◆ The data ◆
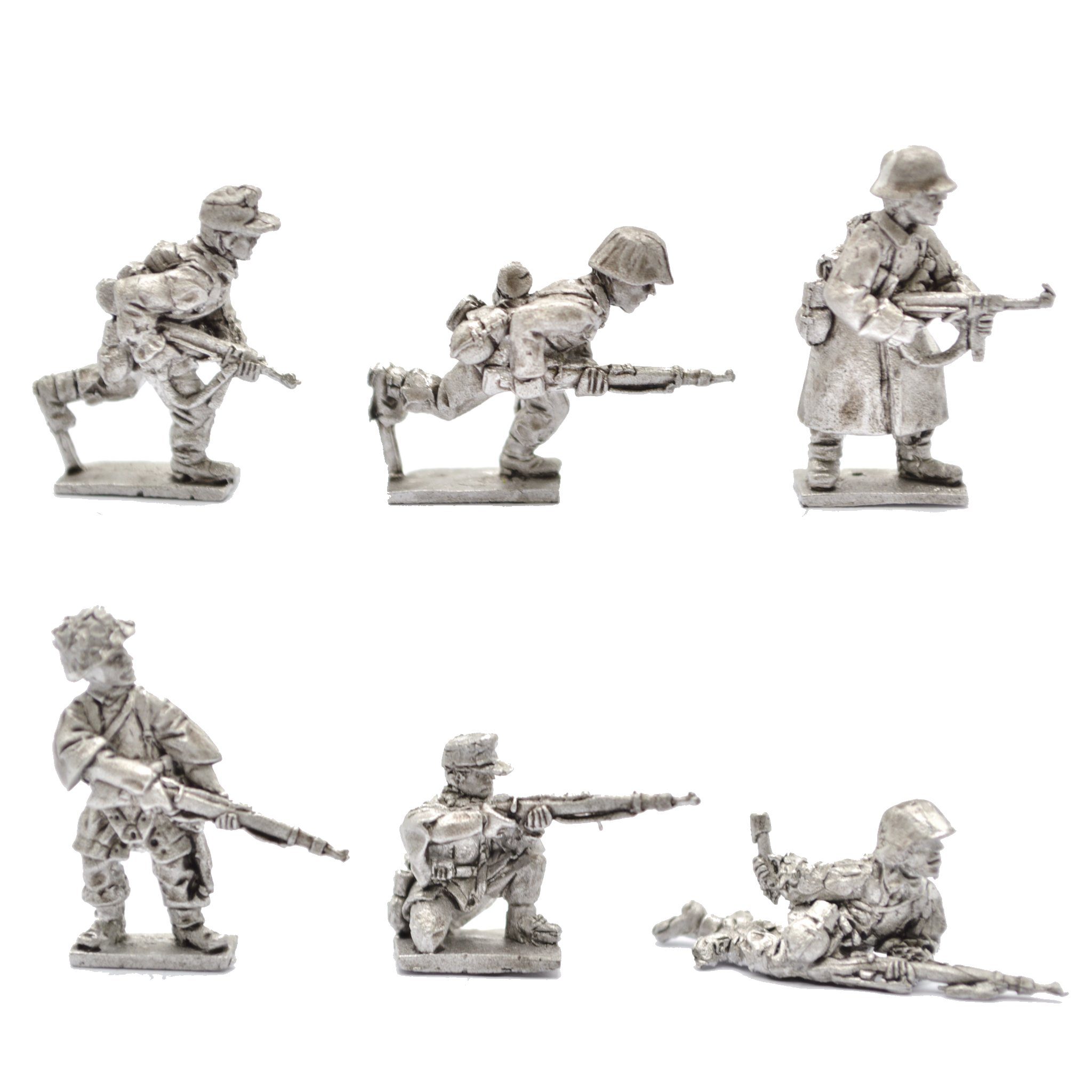 These DDW2 20mm WWII German Riflemen & MP40s are suitable for the following World War II campaigns. Russian campaign and for D-Day onwards. Dressed in a variety of uniforms and kit and as such may be used for either the Wehrmacht or the Waffen SS.
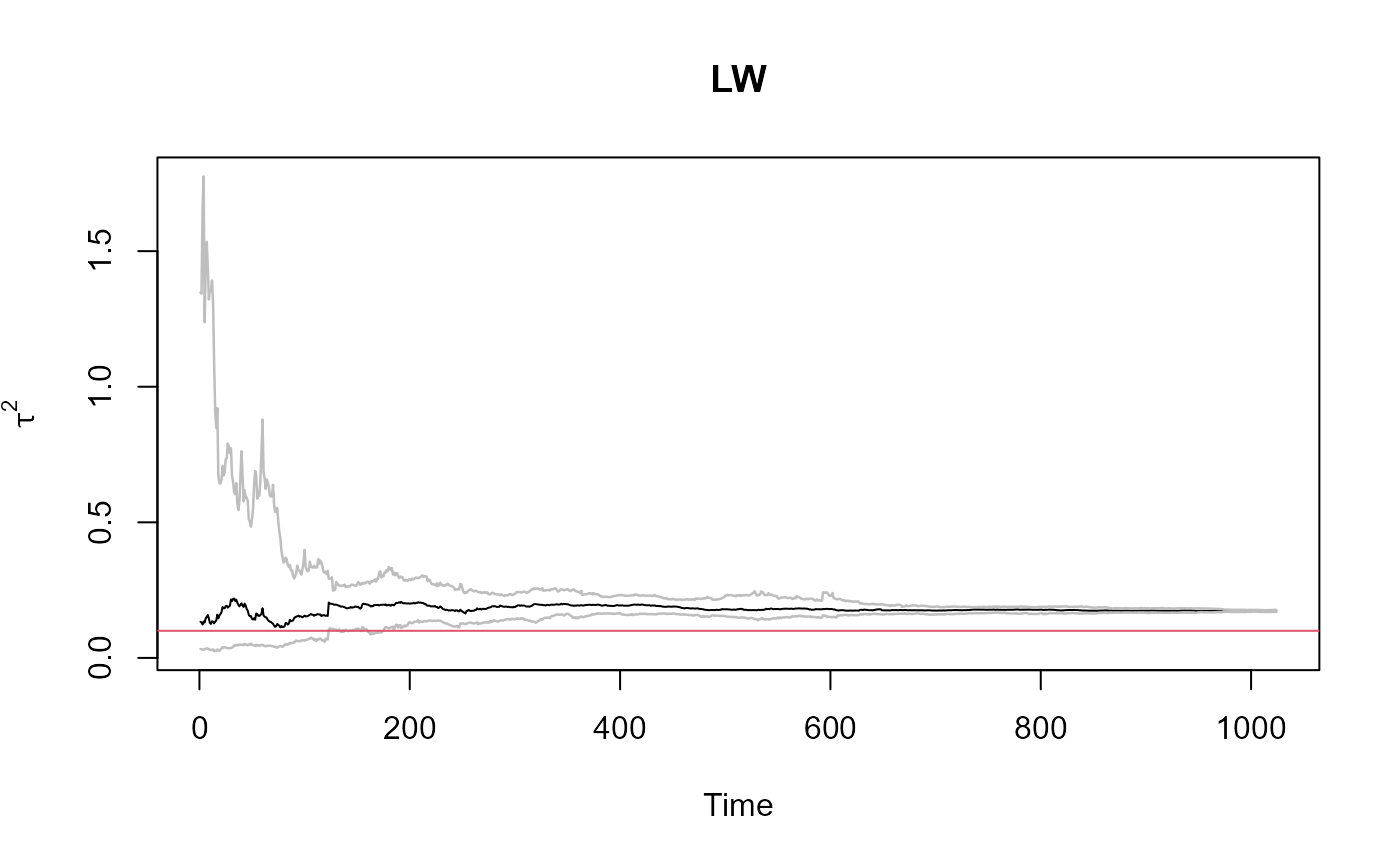 ts.plot(mtau21, ylim = range(ltau21, utau21), main = 'LW', ylab = expression(tau^2))
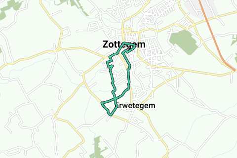 Zu Bahnhof und Markt Zottegem. Hinweg über den Pfad Kronegem und Sanitary. Rückweg über die Pfade Meire und Stopweide...
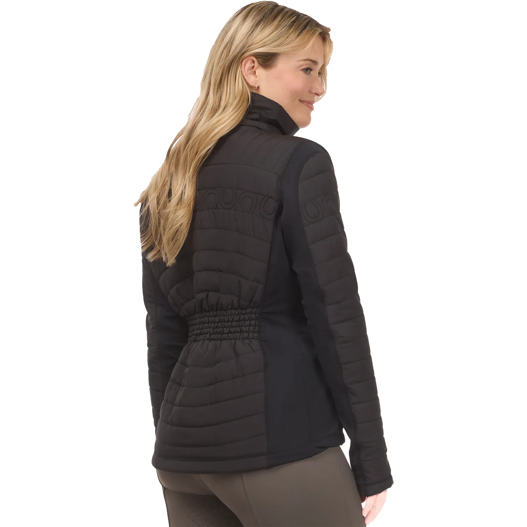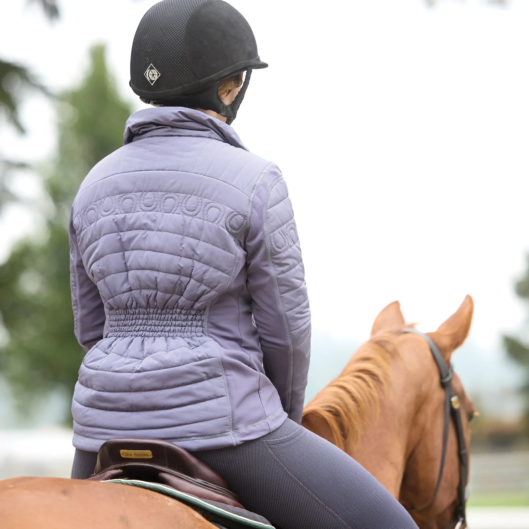 From chilly rides to errands in town, this quilted pullover delivers warmth, mobility, and equestrian charm all in one. Lightweight poly-loft insulation keeps your core cozy, while stretch side panels offer freedom to move. Thoughtful features like a fleece-lined collar, extended half zip, and a cinched waist create both function and flattering style. Subtle embroidered horseshoe details add a touch of texture that makes this piece barn-ready and beyond.
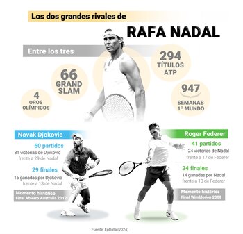 Ni Roger Federer, retirado en 2022, ni Novak Djokovic, con Serbia eliminada de las finales de la Copa Davis, tendrán opción de jugar ante Rafa Nadal en su último torneo como profesional. Sin embargo, ambos han marcado y han sido protagonistas de los más de 20 años de carrera deportiva del 14 veces campeón de Roland Garros. Tanto que seguramente no se entendería la vida deportiva de Rafa Nadal sin el de Basilea y el de Belgrado, que han conquistado 66 'grandes'.
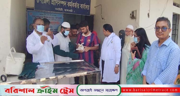 নিজস্ব প্রতিবেদক, বরিশাল: ঝালকাঠির নলছিটিতে শতাধিক কুকুর-বিড়ালকে বিনামূল্যে জলাতঙ্কের টিকা দেয়া হয়েছে। মঙ্গলবার (৩০ সেপ্টেম্বর) সকাল ১০ টায় নলছিটি উপজেলা প্রানী সম্পদ দপ্তর ও ভেটেরিনারি হাসপাতালের আয়োজনে এ টিকা দেওয়া হয়।
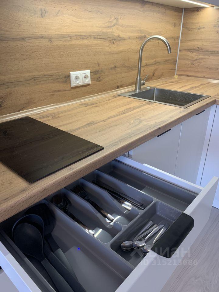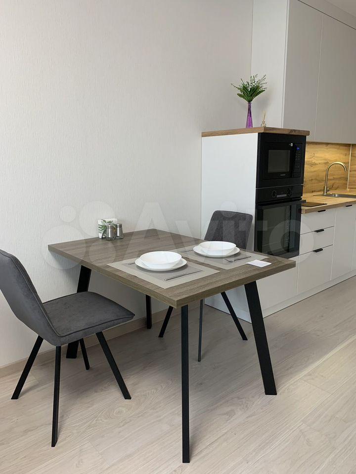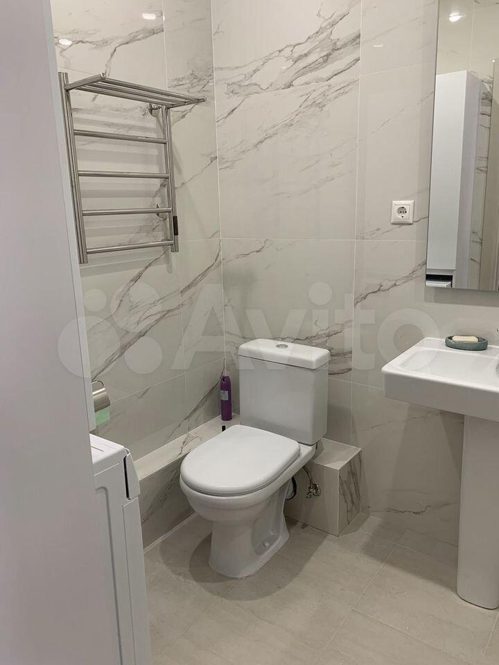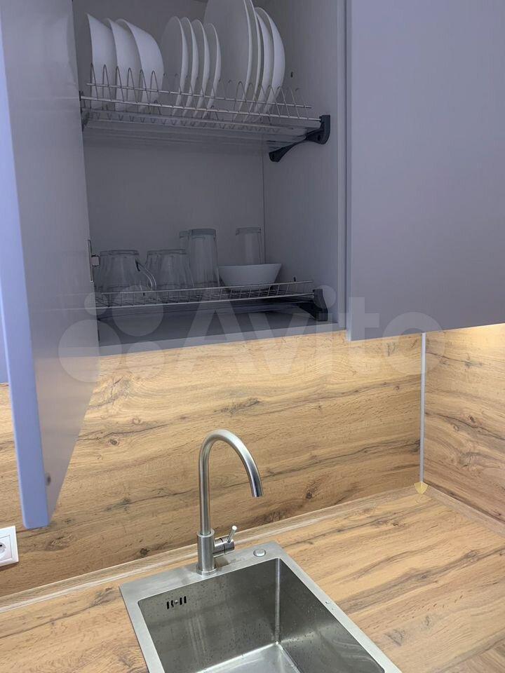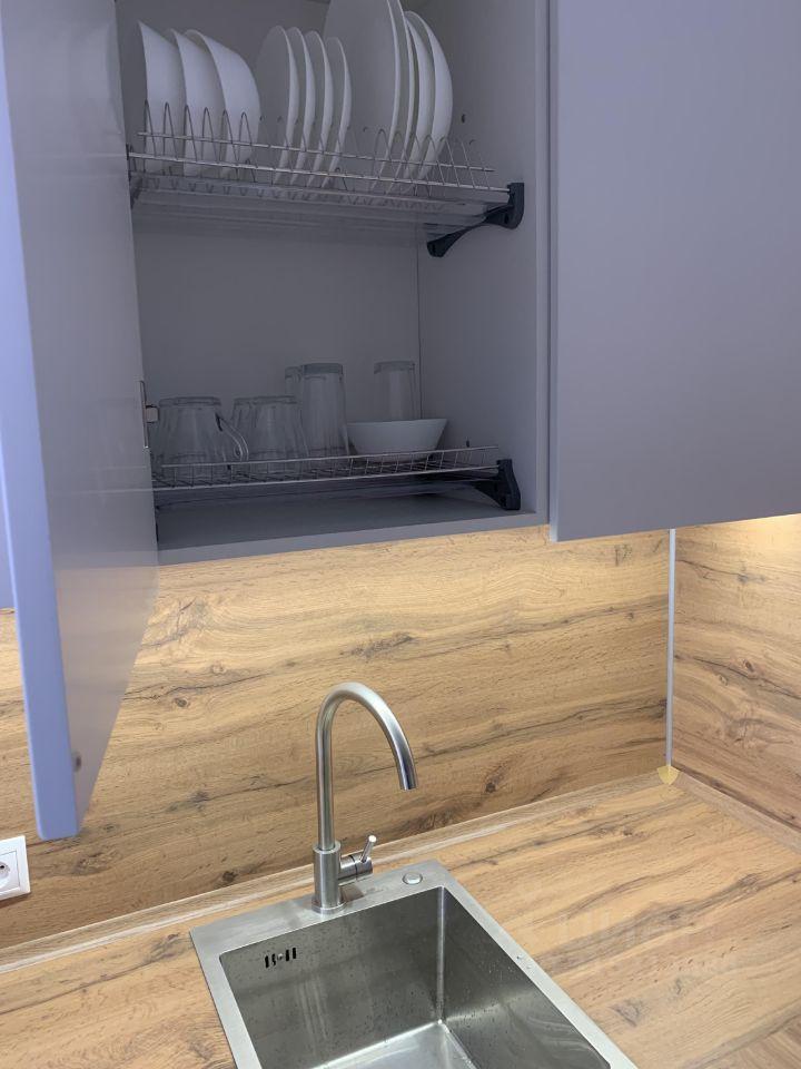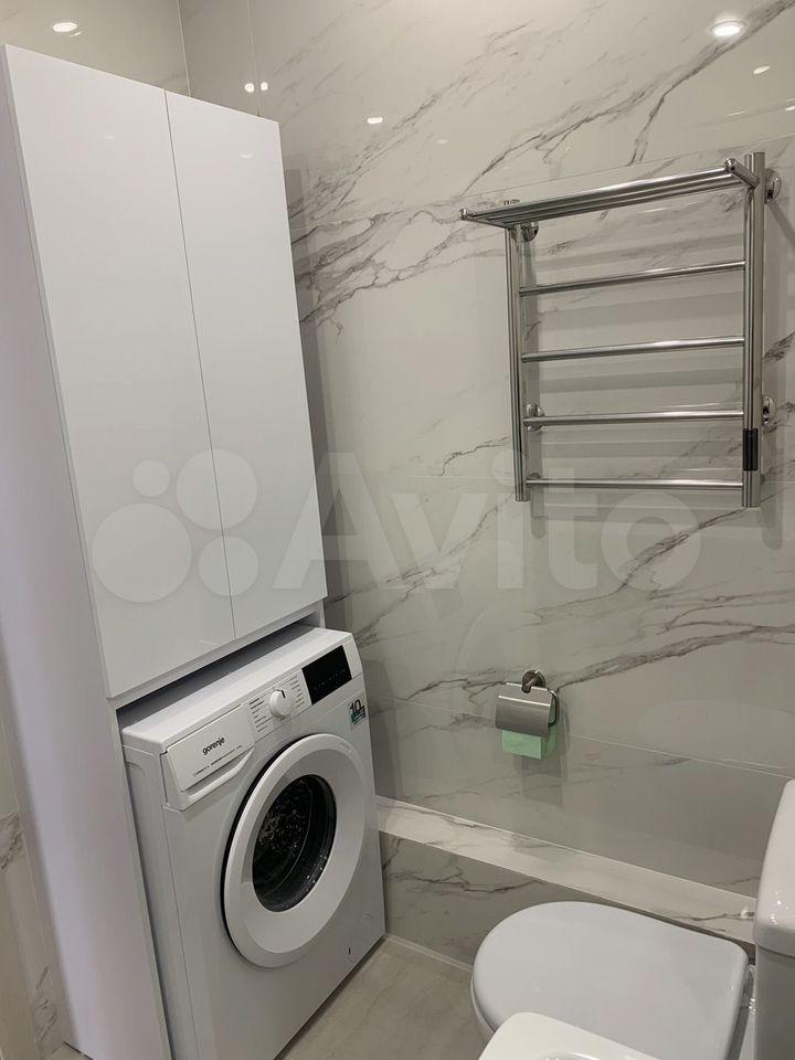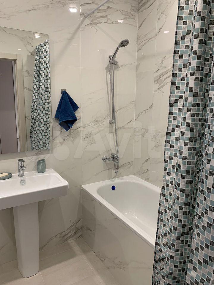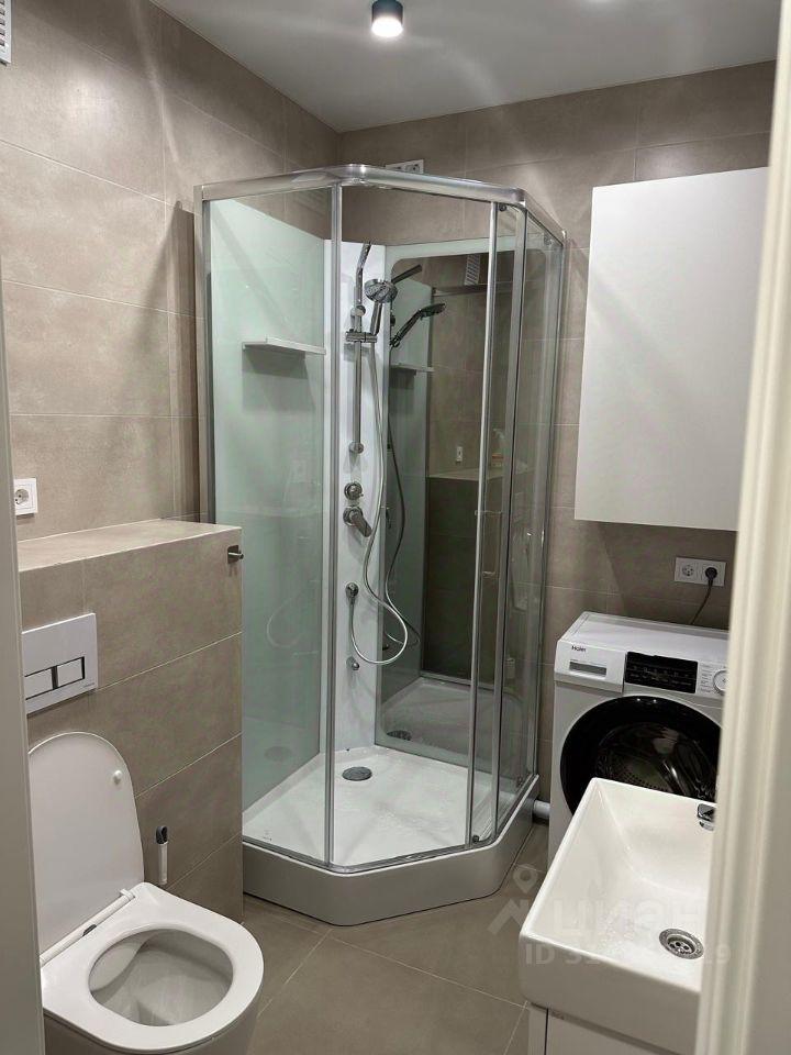 В квартире есть всё необходимое для комфортного проживания: современная мебель на кухне и в комнате, а также полный набор техники — холодильник, телевизор, посудомоечная и стиральная машины. Санузел совмещённый, оборудован современной душевой кабиной.
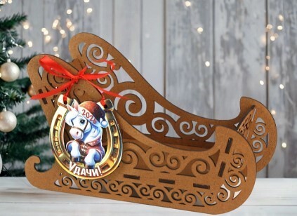 Подарочное кашпо деревянное 23*10*14 см Сани с магнитом "Подкова 154666
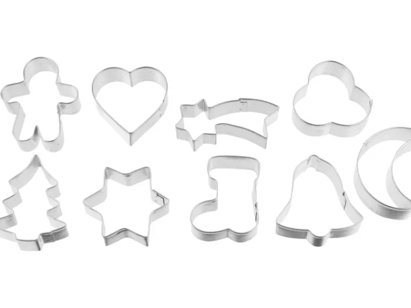 Jede Ausstechform hat eine Größe von 5 cm und ist in Silber gehalten. Der Drahtbügel ermöglicht eine praktische Aufbewahrung der Ausstechformen, wenn sie nicht in Gebrauch sind.
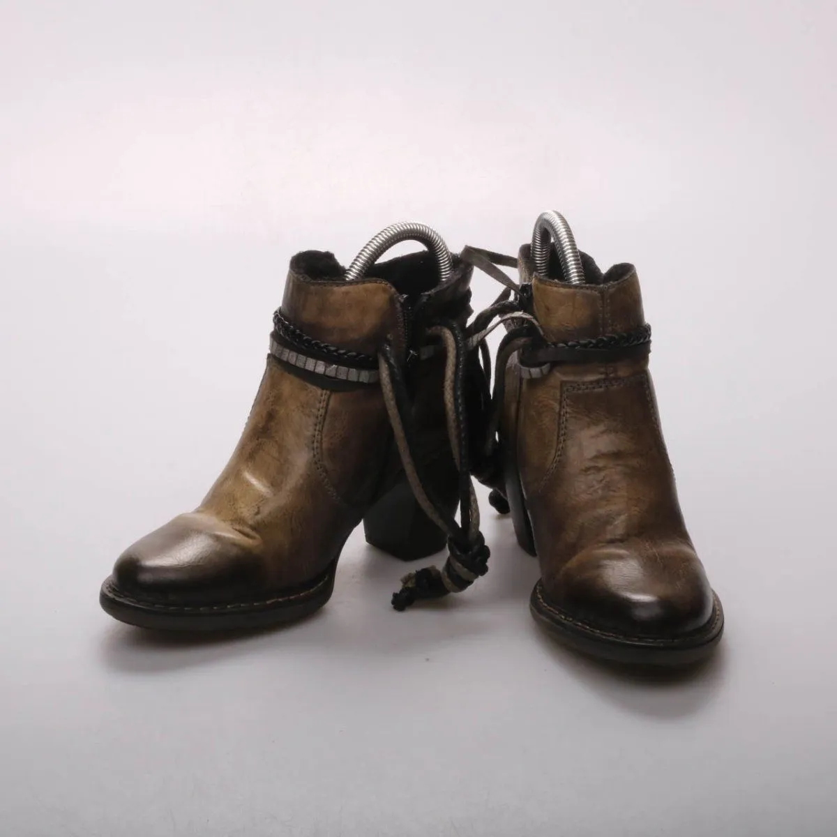 Женские кожаные ботильоны на устойчивом каблуке, с боковой молнией и декоративной шнуровкой вокруг щиколотки. Подойдут для повседневных образов в прохладную погоду, хорошо сочетаются с джинсами и платьями. Практичное преимущество — рельефная резиновая подошва для более уверенного сцепления.
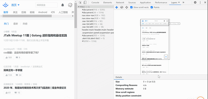 打开控制台More tools,选择 Layers,可以查看页面各层级之间的3D效果图,非常直观易懂。
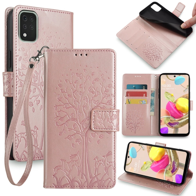 Funda de Cuero para LG K42 con Relieve de Árbol y Ciervo (Oro Rosa)
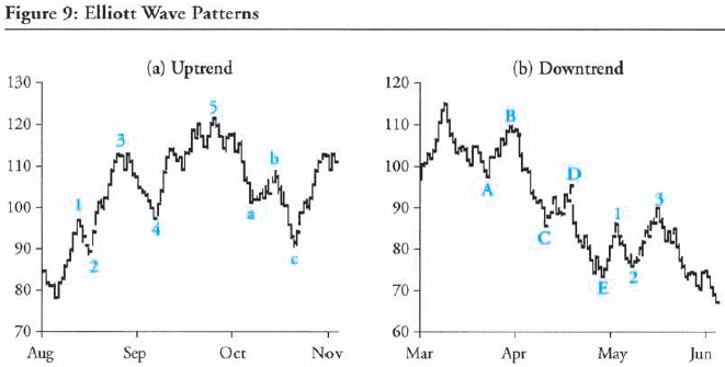 Elliott wave theory suggests that prices exhibit a pattern of five waves in the direction of a trend and three waves counter to the trend. Technical analysts who employ Elliott wave theory frequently use ratios of the numbers in the Fibonacci sequence to estimate price targets and identify potential support and resistance levels.
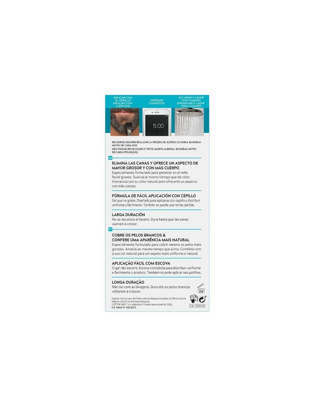 Elimina las canas para lograr un aspecto de mayor grosor y con más cuerpo. Suaviza al mismo tiempo que da color. Coloración con cepillo de fácil aplicación. Fórmula más cremosa. Aplicación más fácil. Con biotina, aloe y aceite de coco. Resultados en 5 minutos. Dura hasta que las canas vuelven a crecer.
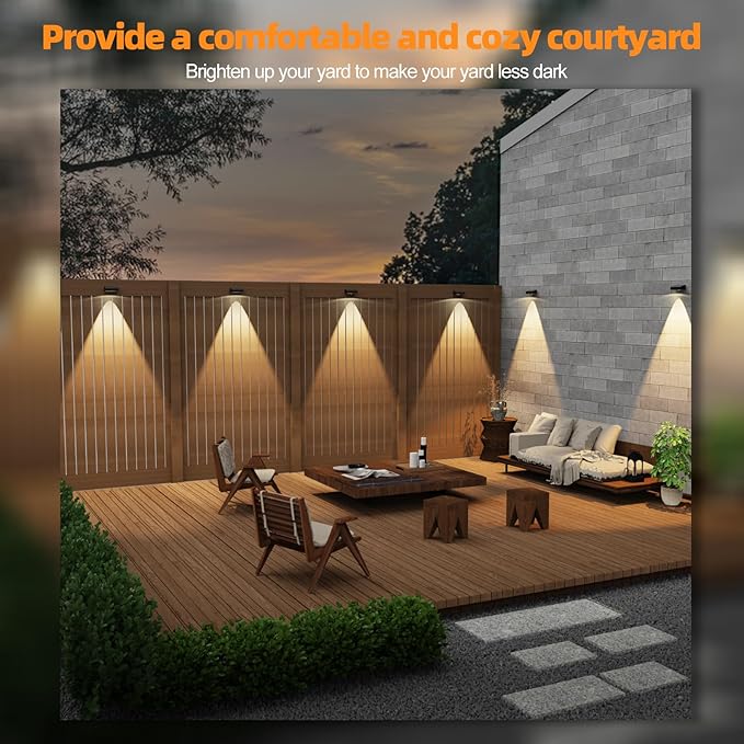 - 【High Efficiency & Energy Saving】The fence lights solar powered feature upgraded focused LEDs and advanced reflective lens technology,brightness with a more concentrated beam that covers a wider area. We advocate a green life, solar lights outdoor can reduce your household electricity bill, high-efficiency photovoltaic panels will be sunlight into electricity efficiency increased by 20%, both energy-saving and environmentally friendly
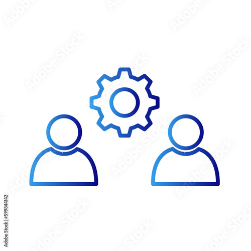 Coworker meeting icon with blue gradient outline style. room, symbol, company, coworkers, corporate, presentation, remote. Vector Illustration

◆ What needs to be done ◆
Copy only what runs above from the line containing "Zu Bahnhof und" through the line containing "নিজস্ব প্রতিবেদক, বরিশাল: ঝালকাঠির", exactly. Leave out the pictures.

◆ Solved exercise ◆
 Zu Bahnhof und Markt Zottegem. Hinweg über den Pfad Kronegem und Sanitary. Rückweg über die Pfade Meire und Stopweide...
 From chilly rides to errands in town, this quilted pullover delivers warmth, mobility, and equestrian charm all in one. Lightweight poly-loft insulation keeps your core cozy, while stretch side panels offer freedom to move. Thoughtful features like a fleece-lined collar, extended half zip, and a cinched waist create both function and flattering style. Subtle embroidered horseshoe details add a touch of texture that makes this piece barn-ready and beyond.
 Ni Roger Federer, retirado en 2022, ni Novak Djokovic, con Serbia eliminada de las finales de la Copa Davis, tendrán opción de jugar ante Rafa Nadal en su último torneo como profesional. Sin embargo, ambos han marcado y han sido protagonistas de los más de 20 años de carrera deportiva del 14 veces campeón de Roland Garros. Tanto que seguramente no se entendería la vida deportiva de Rafa Nadal sin el de Basilea y el de Belgrado, que han conquistado 66 'grandes'.
 নিজস্ব প্রতিবেদক, বরিশাল: ঝালকাঠির নলছিটিতে শতাধিক কুকুর-বিড়ালকে বিনামূল্যে জলাতঙ্কের টিকা দেয়া হয়েছে। মঙ্গলবার (৩০ সেপ্টেম্বর) সকাল ১০ টায় নলছিটি উপজেলা প্রানী সম্পদ দপ্তর ও ভেটেরিনারি হাসপাতালের আয়োজনে এ টিকা দেওয়া হয়।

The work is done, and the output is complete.